Adjusting to huswifery when shaped like a house

I’ve heard it said that the main benefit of taking the full 6 weeks’ maternity leave before baby arrives is so we can adjust to full-time home life.

Because believe me, it is an adjustment.

Whether it’s the lonely sound of a ticking clock, or the fact that your day is no longer governed by the crisis of the moment in between seven consecutive meetings, this business of full-time huswifery takes a little getting used to.

My urge to nest coincided the week I stopped work in the corporate world. Which is perhaps cruel because when you’re shaped like a blimp, all you can really do when you see dust is to point and stare. Of course, you try and get on your knobbly hands and knees and get some dust-busting going… but you pay for it soon enough. I am still shaped like an inflated bowling ball propped up by Japanese chopsticks. Which means whatever little padding I had to begin with is now squished beyond redemption.

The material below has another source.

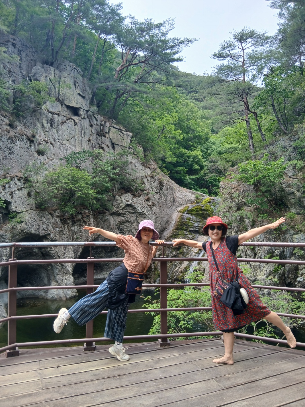 둘째 날은 새벽에 가야 안개가 자욱한 멋진 모습을 볼 수 있다고 해서 6시경에 주산지에 도착했다. 그런데 수령이 오래된 수변식물 왕버들의 생장을 위해 저수지의 물을 인위적으로 방출해 수위가 낮아져서 이전 모습은 아니었다. 그래도 아침에 산길을 걷는 것만으로도 행복했다. 오전 9시 소노벨 내 수달래 식당에서 뷔페를 먹었는데 음식이 다양하고 맛있었다. 식사 후에 주왕산 국립공원으로 이동해, 용추폭포와 용연폭포를 잇는 트레킹 코스를 걸으며 절경을 감상했다. 주왕산은 규모는 작지만 아기자기한 멋이 있다. 이어 달기 약수탕에 갔는데 서울식당 등 많은 곳이 산불로 전소되어 운좋게 살아남은 위쪽 황토로 지어진 식당에서 백숙을 먹고 숙소로 돌아왔다. 산을 두번이나 갔기에 2만보 이상 걸어서 쌓인 피로는 지하 3층에 위치한 솔샘온천에서 풀었다. 야외 온천이 있어 답답하지 않고, 편백나무로 만든 탕에서 보는 작은 탑에 설치된 조명을 보고 있자니 현실세계가 아닌 듯 환상적이었다.

It no longer pays not to have a generous posterior. Ladies, God made us soft for a reason. This is the reason.

My latest party trick is the Movable Pelvis. Everyone goes on and on about the Happy Hormones and the muscle relaxants. No one actually mentioned how said muscle relaxants tend to loosen your body parts near the end – to the extent where you feel like you’re literally coming apart. It is physically ouchy to walk now. Or move in bed. Or dress myself. I actually snap, crackle and pop. It is most disconcerting, but my midwife is very pleased with my progress.

“My pelvic bone hurts like the dickens!” I wail.

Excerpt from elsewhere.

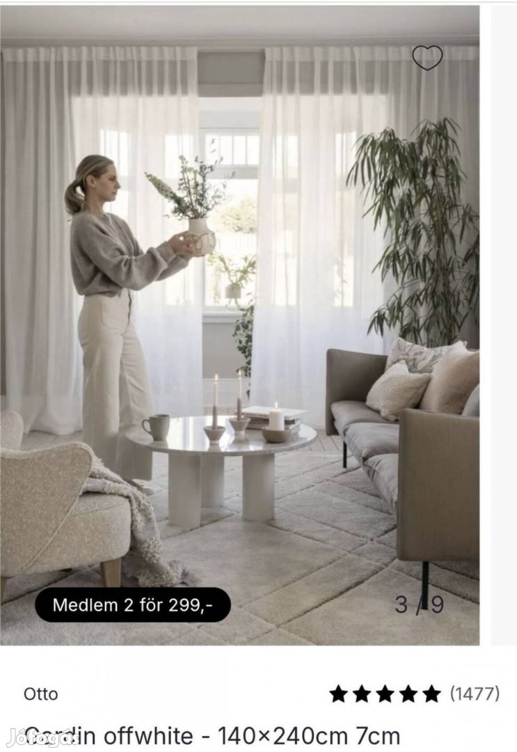 Svédországban vasarolt, nem használt függöny. Mérete: 140x240 cm. A fehérből 5 db van a zöldből 1 db. A 6 db függöny 15.000,-Ft Átvehető a Marina parton Budapesten

“That’s wonderful!” she beams.

“I feel a little like I’m being hanged, drawn and quartered! I can’t breathe!”

“What great progress!” she enthuses. “You’re right on schedule, luv!” And then she goes on to take my blood pressure, and pronounces me textbook and boring.

So, physical limitations coupled with No Corporate Project makes this Jane rather schizophrenic. These 10 days have seen a new pattern emerge: I’ll “go hard” for a day or two, and then completely collapse in the house on day 3. By “go hard”, I might be

  • out at a doctor’s appointment in the morning
  • shopping at Koorong and Baby Bunting in the afternoon
  • grabbing lunch groceries at Woolies, on my way over to
  • FertilityFriend’s place for lunch and baby cuddles
  • stopping by Coles to do the grocery shopping on my way home, before
  • settling in to cook a semi-ambitious dinner.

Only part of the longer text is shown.